Characterization of breast parenchyma in dynamic contrast-enhanced magnetic resonance imaging (DCE-MRI) is a challenging task owing to the complexity of underlying tissue structures. Existing quantitative approaches, like radiomics and deep learning models, lack explicit quantification of intricate and subtle parenchymal structures, including fibroglandular tissue. To address this, we propose a novel topological approach that explicitly extracts multi-scale topological structures to better approximate breast parenchymal structures, and then incorporates these structures into a deep-learning-based prediction model via an attention mechanism.
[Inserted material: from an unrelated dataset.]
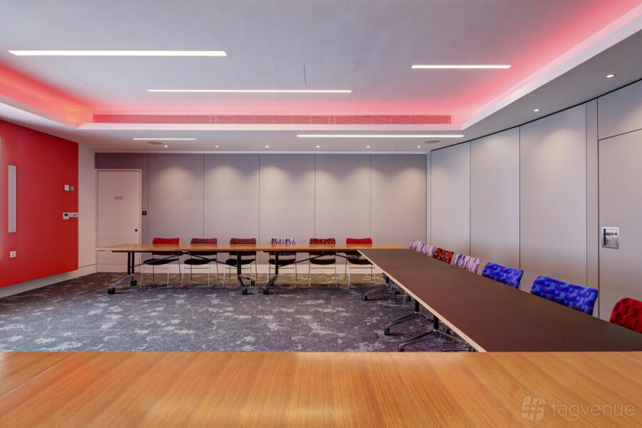 The adjoining Cubic Foyer provides the perfect space for guest registration, lunch and networking drinks, housing a large screen for branding, promotional videos or display of itinerary.

Our topology-informed deep learning model, TopoTxR, leverages topology to provide enhanced insights into tissues critical for disease pathophysiology and treatment response. We empirically validate TopoTxR using the VICTRE phantom breast dataset, showing that the topological structures extracted by our model effectively approximate the breast parenchymal structures. We further demonstrate TopoTxR’s efficacy in predicting response to neoadjuvant chemotherapy. Our qualitative and quantitative analyses suggest differential topological behavior of breast tissue in treatment-naïve imaging, in patients who respond favorably to therapy as achieving pathological complete response (pCR) versus those who do not. In a comparative analysis with several baselines on the publicly available I-SPY 1 dataset (N = 161, including 47 patients with pCR and 114 without) and the Rutgers proprietary dataset (N = 120, with 69 patients achieving pCR and 51 not), TopoTxR demonstrates a notable improvement, achieving a 2.6% increase in accuracy and a 4.6% enhancement in AUC compared to the state-of-the-art method.

Abstract Image

TopoTxR:拓扑引导的深度卷积网络,用于在 DCE-MRI 上学习乳腺实质。
动态对比增强磁共振成像(DCE-MRI)中乳腺实质的特征描述是一项具有挑战性的任务,因为底层组织结构非常复杂。现有的定量方法,如放射组学和深度学习模型,缺乏对包括纤维腺体组织在内的复杂而微妙的实质结构的明确量化。为了解决这个问题,我们提出了一种新颖的拓扑方法,它能明确提取多尺度拓扑结构,以更好地逼近乳腺实质结构,然后通过注意力机制将这些结构纳入基于深度学习的预测模型。我们的基于拓扑结构的深度学习模型 TopoTxR 利用拓扑结构增强了对疾病病理生理学和治疗反应关键组织的洞察力。我们使用 VICTRE 模型乳腺数据集对 TopoTxR 进行了经验验证,结果表明我们的模型提取的拓扑结构有效地接近了乳腺实质结构。我们进一步证明了 TopoTxR 在预测新辅助化疗反应方面的功效。我们的定性和定量分析结果表明,在未经治疗的成像中,乳腺组织的拓扑行为存在差异,对治疗反应良好的患者可获得病理完全反应 (pCR),而对治疗反应不佳的患者则无法获得病理完全反应 (pCR)。在对公开的 I-SPY 1 数据集(N = 161,包括 47 名获得病理完全反应的患者和 114 名未获得病理完全反应的患者)和罗格斯专有数据集(N = 120,包括 69 名获得病理完全反应的患者和 51 名未获得病理完全反应的患者)与几种基线进行的比较分析中,TopoTxR 显示出明显的改进,与最先进的方法相比,准确率提高了 2.6%,AUC 提高了 4.6%。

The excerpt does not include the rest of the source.